Resume, cv and any other tips

Resume, cv and any other tips
0
#1

Hi, I am 26 years old. I went into web development about 2 years ago, but last half a years I started taking it my potential future career.

Check out my CV
and Cover Letter

Applied to plenty of places, but always I heard that I am lacking experience. What do you think about it? Where and what should I improve?

#2

Hmmm. It seems pretty good. I think the color scheme could be working against you, but that’s unlikely to be a major issue. You may want to condense the top summary into something just about the hackathon, I’m not sure how much these sentences help your candidacy:

I am a front-end web developer with React.JS. I started web development two years ago as a personal interest, and since then I have gained the most of my skills through project-based learning…Also, I achieved a few professional certificates to structure my knowledge and confirm my skills.

The omitted part could be a bullet point.

Of course, resume best practices seem to be a mixed bag. I would also be concerned that you don’t have the URLs available. I don’t know if recruiters view resumes on computers always, exclusively, but if they do look at in print, then they won’t have anything to type in.

As for your portfolio, it looks good. Seems responsive checking with Chrome Dev Tools. This sentence is a little awkward for me grammar-wise and also has a typo:

I am a front-end web developer living in London. Look up my info to see, what do I work with or check out my lastest projects.

Your portfolio page has this, which you should fix:

<title>Weather App</title>

Lastly, I think you’ve done great work so far with the projects from FCC. However, it seems you’re missing any truly “personal” projects. What are you passionate about? Can you make something related to it?

As well, your projects don’t look like “websites” but moreso (and, probably appropriately) just projects you did as part of a curriculum.
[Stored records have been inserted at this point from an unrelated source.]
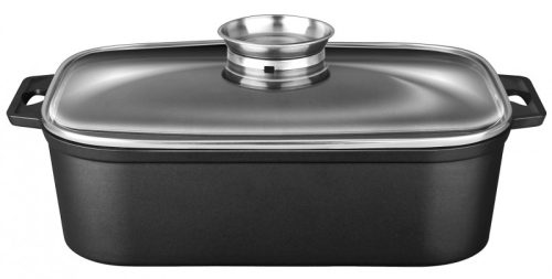Az SBR-3 pörkölő izesítővel kiváló minőségű sütő- és tálaló edény. Ellenálló és tartós, öntött alumíniumból, praktikus aromatizátorral ellátva a fedélben. A megoldás lehetővé teszi az edény belsejében lévő folyadékok kényelmes feltöltését a fedél eltávolítása nélkül. Sütés közben adjon húslevest, bort vagy más ízletes adalékot kedvenc ételéhez. Az ízesítőnek köszönhetően nem veszítjük el a megfelelő hőmérsékletet a sült serpenyőben, és nem csökkentjük az égési sérülések kockázatát.
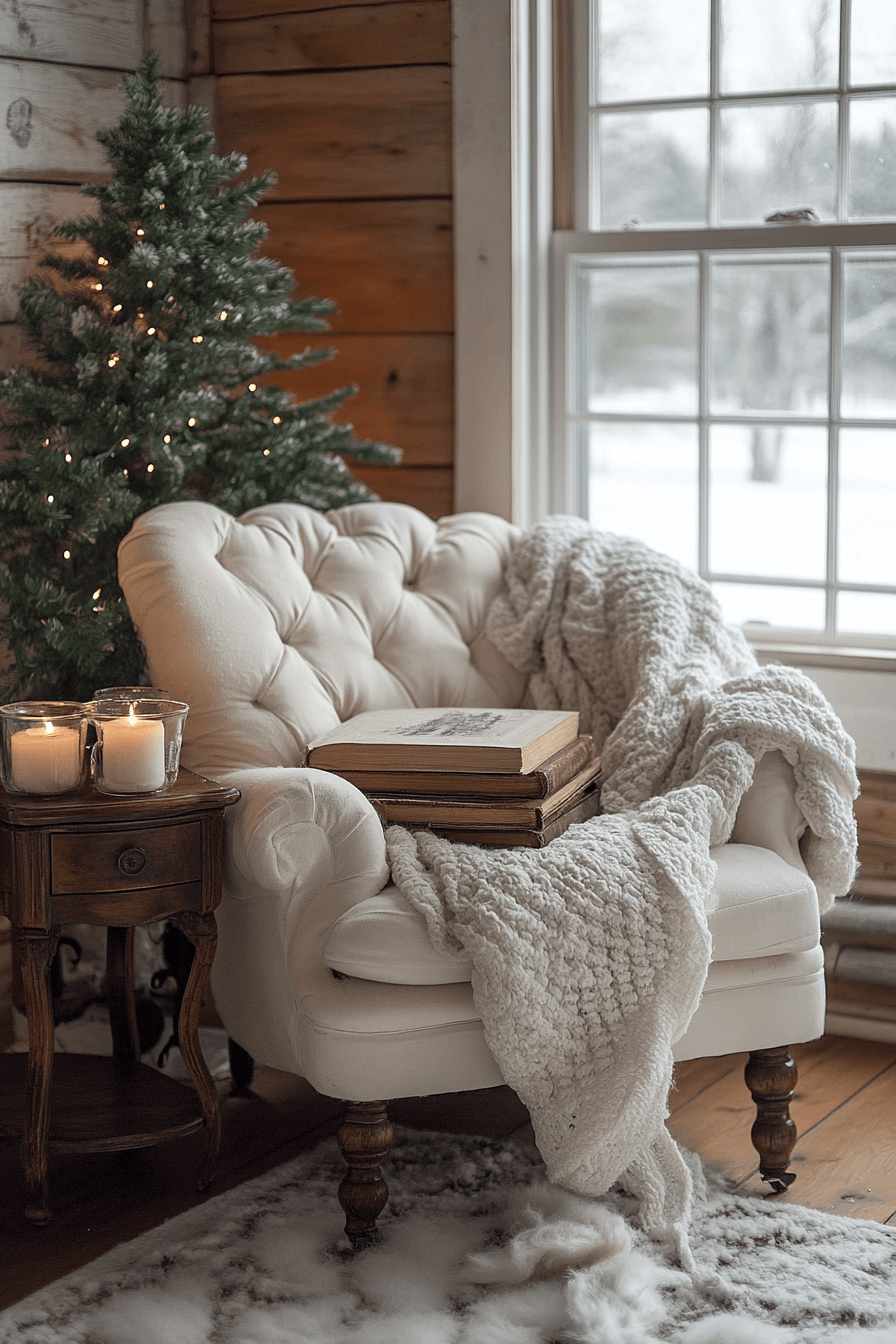 Create a peaceful reading corner enhanced by farmhouse Christmas decor details. A soft throw, pine garland, and glowing lantern turn the space into a festive hideaway. Add a stack of books and a warm drink to complete the mood. It’s comfort and calm in perfect balance.
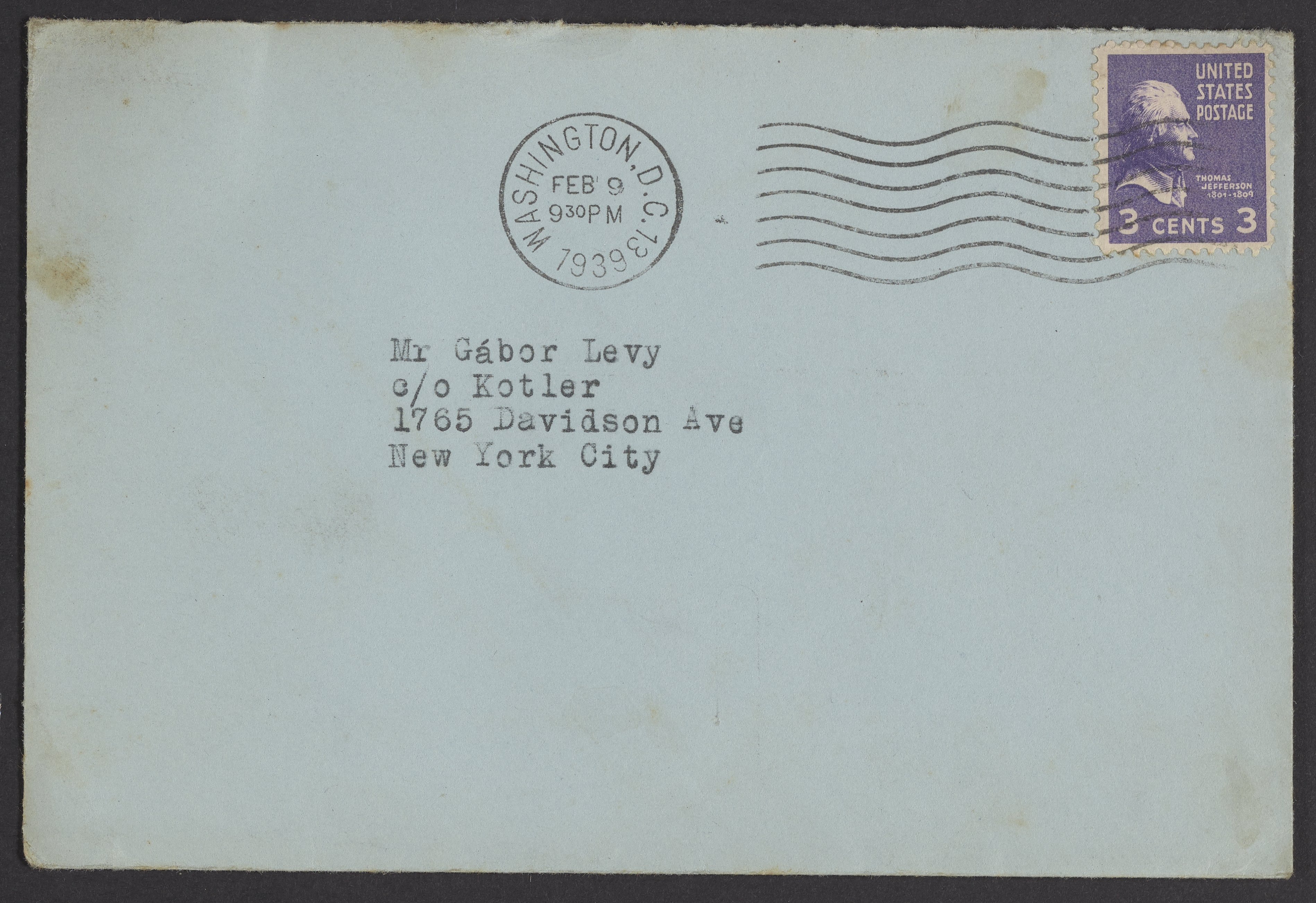 Letter to Gabor B. Levy from Mici Teller, February 9, 1939

On your next project, it may help to give it some finishing touches (which I can tell you are more than capable of) that make it look like a modern website, e.g. a menu bar, hamburger icon for small screens, full-screen image backgrounds, footers, etc. Check out any website you frequent (news website, Medium, etc.) and take a look at the “extras” that make their website different from yours. I don’t have any evidence that this is important, but I started feeling a lot better about my projects when I started adding these finishing touches. And, the best part is, once you take that time to shine up one project, you can usually cannibalize that code for your next one, with a couple CSS changes and editing the text.

You say you hear back that you’re lacking experience. Are these automated replies? Or are you getting into interviews and then coming up short? Where you’re at now, I think you have the skills you need. But, for example, it may help to consider what sets you apart right now from someone else that just finished FCC’s front-end libraries if, say, you all applied for the same job.

You’ve clearly put in a lot of effort, and have a good foundation. I don’t think anyone can get as far as you have without knowing how to make a website. The job search, unfortunately, isn’t 100% just that sadly :cold_sweat: Keep up the good work, keep learning, and try some little things to set yourself apart and you’ll get there.

#3

First, get rid of that yellowish color in your CV. It’s unreadable.

Your projects/github doesn’t back up your “Skills” section. All projects are very basic and most of your github repos don’t have any source code (only bundled/minimized code).

If you don’t have CS degree you need to prove that you’ll be able to do the work. Three months of GitHub history doesn’t prove anything. You need a project that’s not trivial and something that people can click around to evaluate your skillset. Also it should be something “regular folk” will understand (don’t create an RPG game). Good suggestions are to clone Netflix or Spotify (e.g. my Spotify clone always had positive feedback).

Also regarding your cover letter - it should be tailored to a particular position you’re applying to, but I’d say that everything past the first paragraph should be removed.

So clean up your GitHub from minimized/bundled files (it should be a place where people can see the source code) and start working on some bigger project(s).

And keep applying. Even if all you get are rejections or no answer. That’s the most objective test.

#4

Your “Skills” section seems a bit confused. Why do you list “ReactJS Router” first rather than simply “React”? React Router is just one routing library for React and isn’t particularly complex to master (compared to React itself). Also, “API” isn’t really a skill, any more than “markup” or "for loops" is a skill. Even if you narrow it to “web APIs”, that’s still too broad to provide useful information.

Regarding “NPM”, I’d say that’s legit if you’ve published an NPM package or if you’re familiar with advanced NPM commands, not so much if you just mean you can type npm i etc.

All the other skills look good (I’m not a big fan of specifying “ES6”, “HTML5”, etc. but it’s a necessary evil to get past automated CV scrapers).

#5

Guys, thank you very much for honest opinions. They were kind of eye opener and motivation kick I needed to keep going and not give up.

I am in process of implementing these changes and working on bigger project.